▶ _EXERCISE OBJECTIVE_
Take the records below and set down exactly the lines from the one with "Full of charm, this" to the one with "BABY SAFE &", ends included; do not copy the pictures.
::: DATA SHOWN
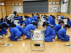 本日5時間目。2年生は1組・2組合同の百人一首大会が行われました。
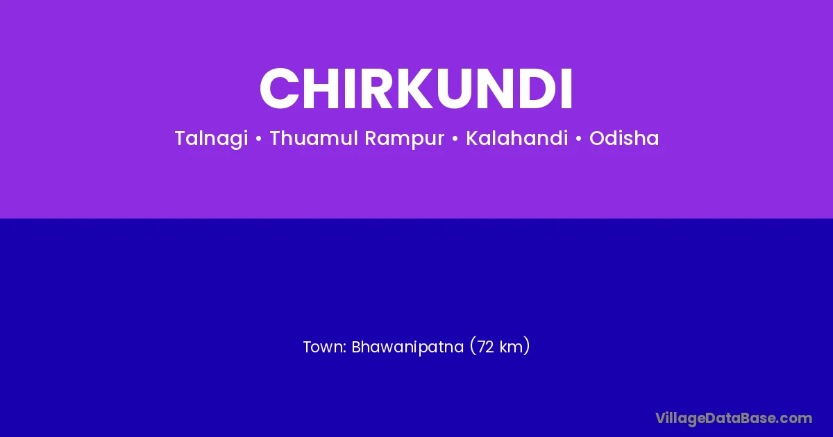 Bhawanipatna (72 km) is the nearest town to Chirkundi village for major economic activities and is located approximately 72 km away.
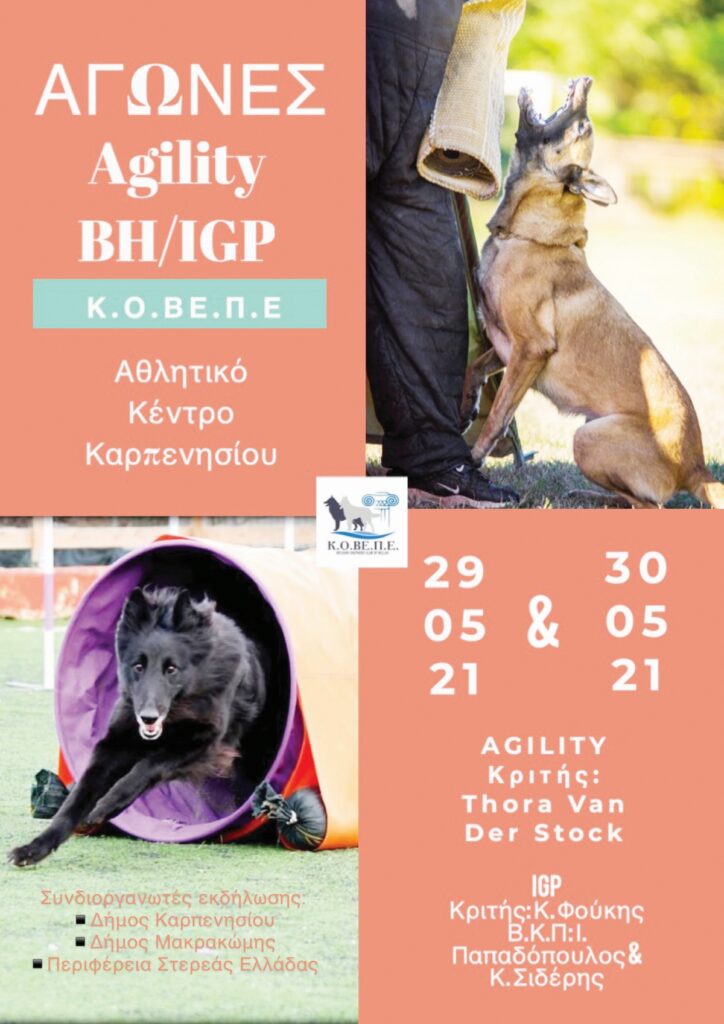 Ο Κυνοφιλικός Όμιλος Βελγικών Ποιμενικών Ελλάδας, σε συνεργασία με το Δήμο Καρπενησίου, την Αντιπεριφέρεια Π.Ε. Ευρυτανίας και το Δήμο Μακρακώμης, διοργανώνουν το Σάββατο 29 και Κυριακή 30 Μαΐου 2021 τους πρώτους αγώνες Agility BH/ IGP στο Αθλητικό Κέντρο Καρπενησίου από. Οι αγώνες θα πραγματοποιηθούν στο πλαίσιο προετοιμασίας για το Παγκόσμιο Πρωτάθλημα Βελγικών Ποιμενικών που θα φιλοξενηθεί το Μάιο του 2022 στην πόλη μας και θα πραγματοποιηθούν με την τήρηση όλων των υγειονομικών πρωτοκόλλων σύμφωνα με τις οδηγίες της Γενικής Γραμματείας Αθλητισμού και της Πολιτικής Προστασίας.
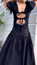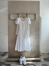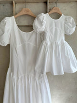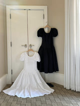 Full of charm, this dress features puff sleeves and a back tie, crafted from a breezy, textured fabric. With its full, flowy skirt, it's perfect for both special occasions and everyday wear. There is no lining, so the ivory color may be slightly sheer.
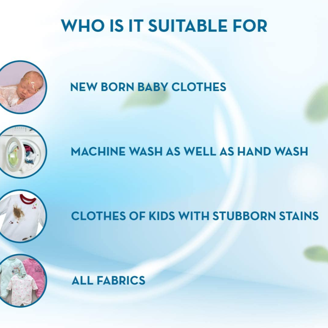 BABY SAFE & BIO DEGRADABLE FORMULA Enriched with the goodness of Bio-enzyme, plant based formula, this is super safe for your baby's skin. Enzymes are cleaning agents that help in breaking down stubborn stains and hence clean the clothes better. Our detergent is biodegradable and soft on hands and clothes.
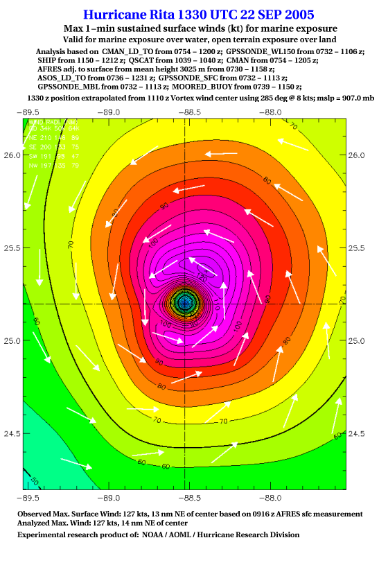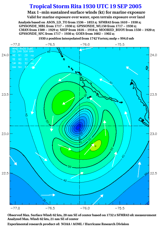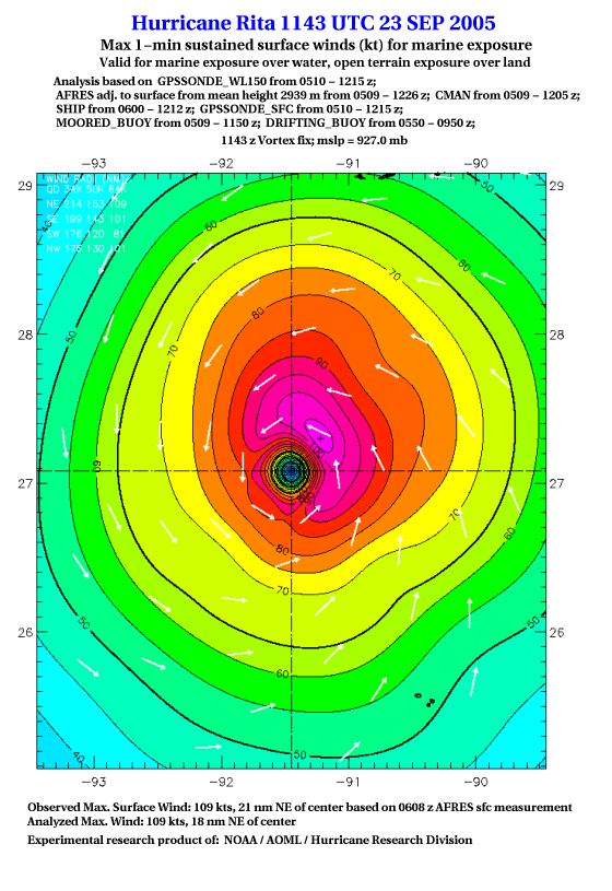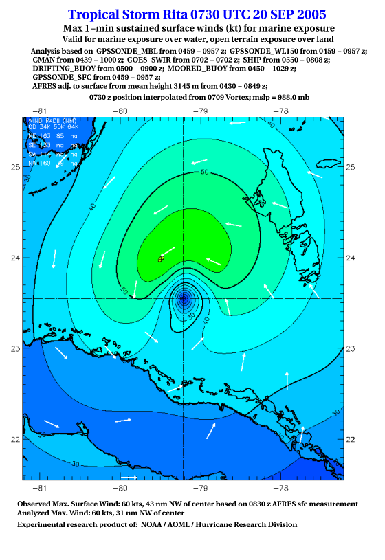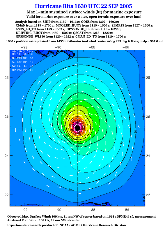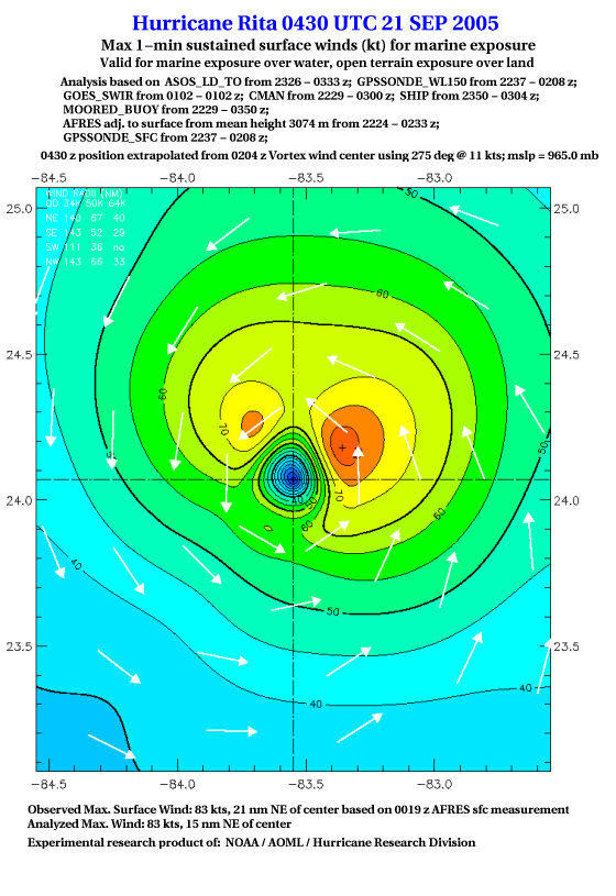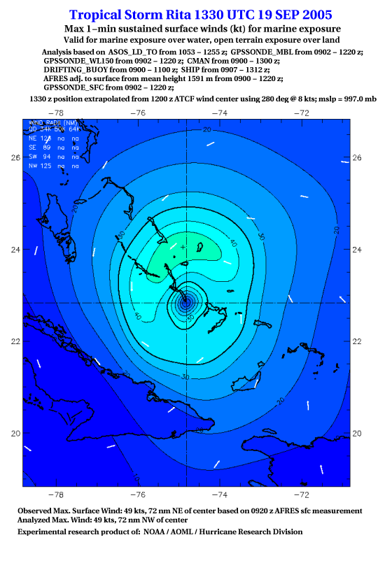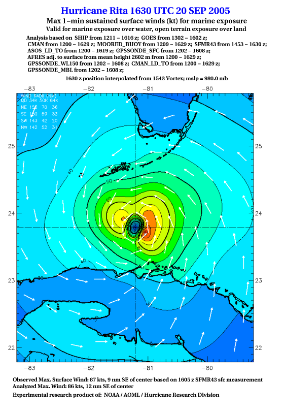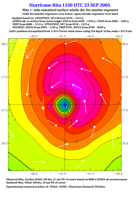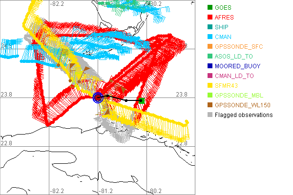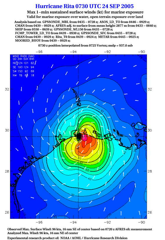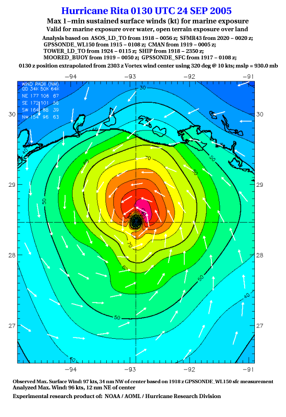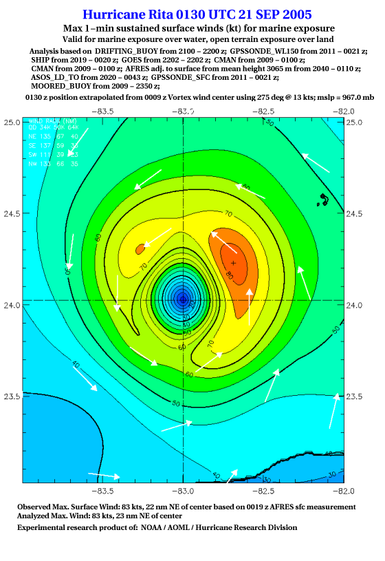 As a public service we are hosting the legacy H*wind archive that was formerly available through NOAA. Most of the archive was conducted in real-time so data collected after the analysis time were not available. Methods used to conduct the analyses evolved over the years. Grid spacing is on the order of 6 km and maximum domain size varies but is typically 8 x 8 degrees. There are known errors in some of the data coverage, mapping, and gridded products. For more information on the archive please go here. For realtime and post storm analysis of the 2014 season and a revised historical archive go here. |
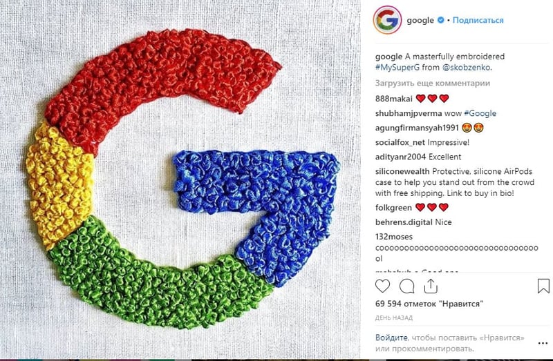 Новим авартаром офіційного Instagram-акаунту Google стала робота української майстрині з Кривого Рогу, 65-річної Людмили Кисельової. Жінка зобразила лого Google у вишивці в стилі “французький вузлик”. Наразі це фото вже зібрало понад 68 000 лайків.
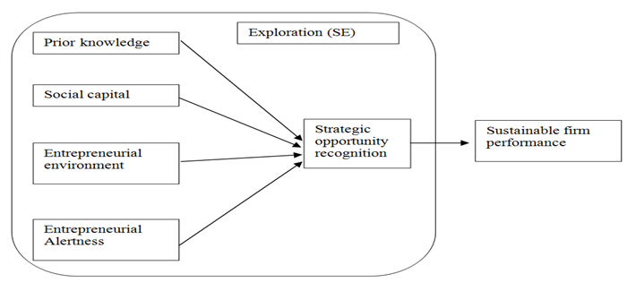 The primary objective of this study is to propose a new conceptual framework for determining exploration SE and overall performance of SMEs. The proposed framework discusses the proposed mediating effects of strategic opportunity recognition on the relationship prior knowledge, social capital, entrepreneurial environment, entrepreneurial alertness and SMEs performance. Similarly, the proposed framework is presented as a strategy to be used in linking the inadequate academic explanation in the existing literature on the relationships between prior knowledge, social capital, entrepreneurial environment, entrepreneurial alertness and SMEs performance and mediating role of strategic opportunity recognition. Hence this study serves as basis for future research on exploration SE-SMEs performance. There are number of limitations to this study. Firstly, this proposed conceptual framework needs empirical studies for its validation. It is suggested that future studies should consider other contingent variable i.e. exploitation as mediator to expand the SE – SMEs performance literature.
::::::
▶ _FINISHED TASK_
 Full of charm, this dress features puff sleeves and a back tie, crafted from a breezy, textured fabric. With its full, flowy skirt, it's perfect for both special occasions and everyday wear. There is no lining, so the ivory color may be slightly sheer.
 BABY SAFE & BIO DEGRADABLE FORMULA Enriched with the goodness of Bio-enzyme, plant based formula, this is super safe for your baby's skin. Enzymes are cleaning agents that help in breaking down stubborn stains and hence clean the clothes better. Our detergent is biodegradable and soft on hands and clothes.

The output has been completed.